Immagini emblematiche che si rincorrono in televisione. Una furbizia di un attimo. Una foratura e un Tour, o almeno un podio, che scappa via. Valverde non se l’aspettava e qualcuno già dice che non si fa così. Ma in un ciclismo dove i piazzamenti contano soldoni pesanti è difficile far svettare la signorilità. Ma ci sarà tempo per rendere pan per focaccia.
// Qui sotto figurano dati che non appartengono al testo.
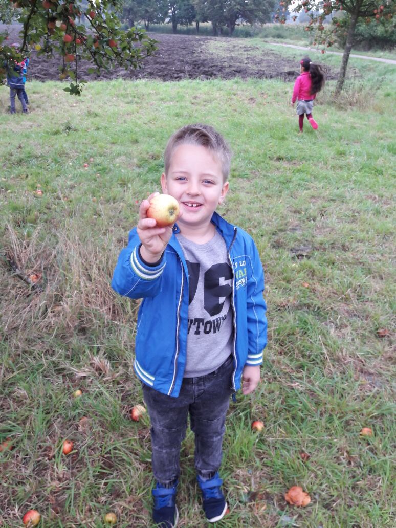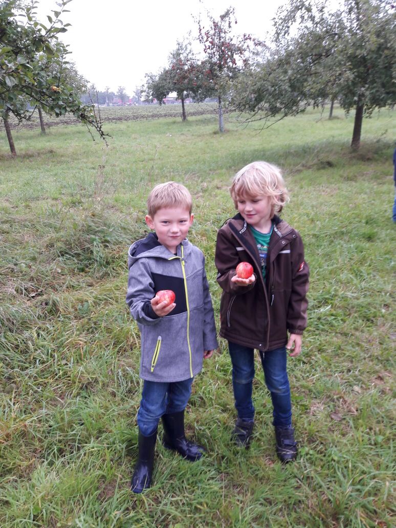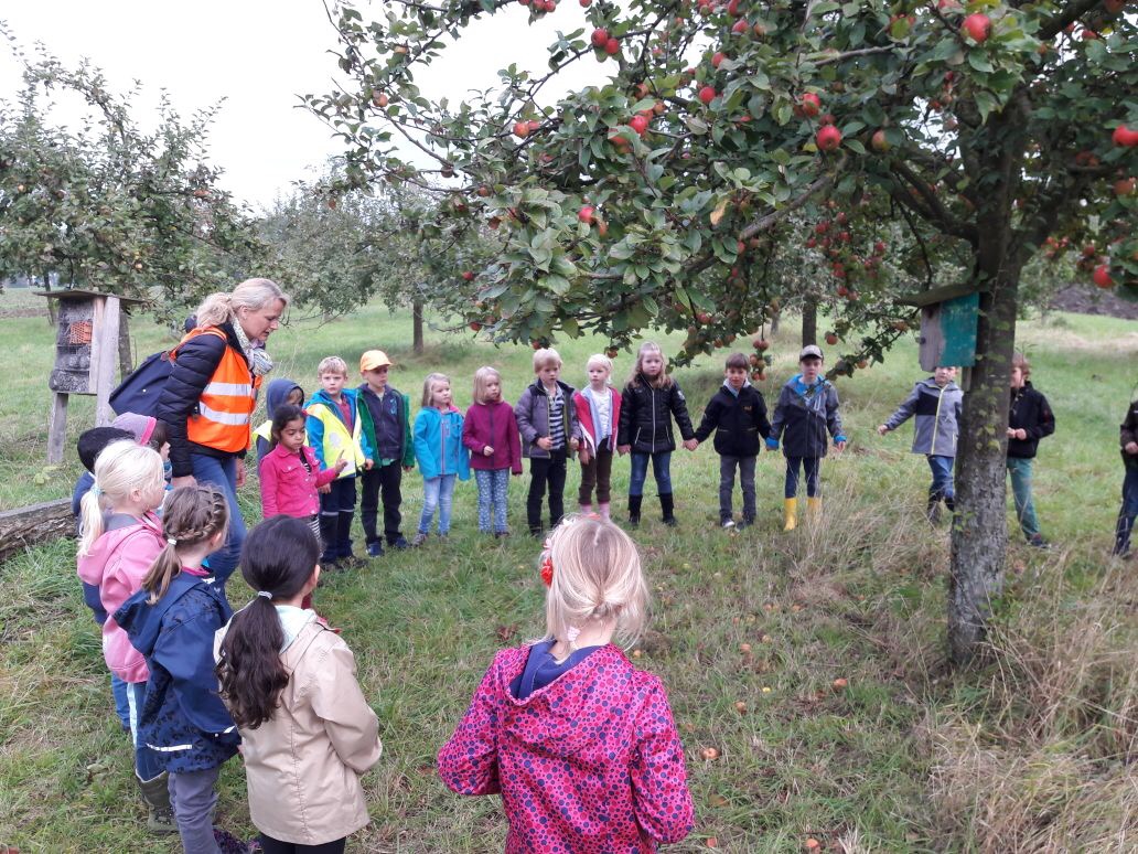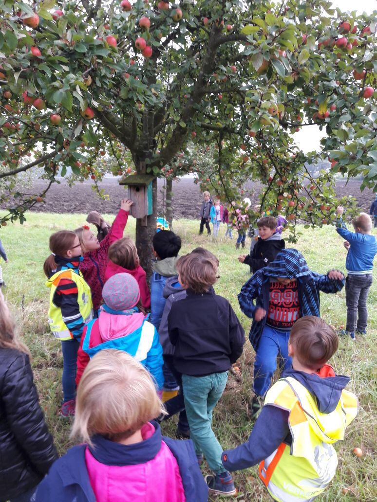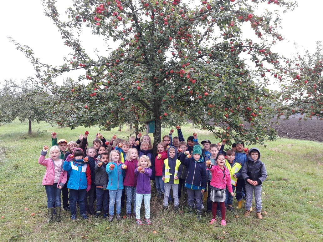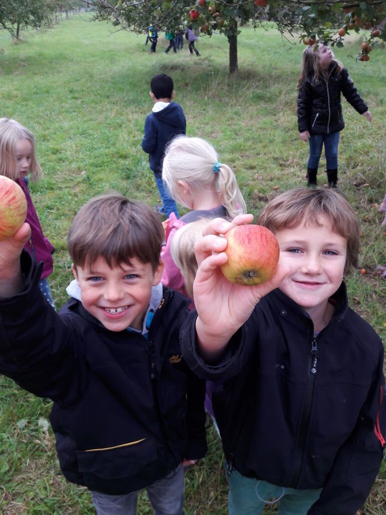 Zu Beginn des Themas unternahmen die beiden ersten Klassen gemeinsam einen Ausflug zu einer nahegelegenen Obstwiese mit reich bestückten Apfelbäumen. Hier wurde entdeckt, gespielt, gesungen und zu guter Letzt durfte sich jedes Kind für die Frühstückspause einen besonders schönen Apfel mitnehmen.

Tour de France 2012Ancora una volta, poi, abbiamo visto un corridore che nel momento di difficoltà, anziché ascoltare l’istinto del campione, si piega ad ascoltare la radio. Era brutto Schleck quella volta, lo è stato altrettanto Froome oggi. C’era da chiudere un buco con uno scatto secco, che aveva tutto nelle gambe. Ha preferito chiedere che fare. Ecco la differenza tra un campione e un aspirante.

Contador oggi, forse, l’ha studiata a tavolino. O forse no. Ha sentito il vento, ha visto Froome troppo solo e ha chiamato i suoi compagni di squadra per l’imboscata. L’altro ha atteso troppo e troppo tardi ha capito che una tappa col vento è come una corsa in salita: guai a non stare sulle ruote dell’avversario.

Tour riaperto? Chissà. Certamente in qualche squadra si dovrà discutere di tecnologia e decisioni da prendere al volo. Quelle che non ti basta neppure l’immediatezza del “tempo reale” di una radio. Decisioni che devono far parte di un campione.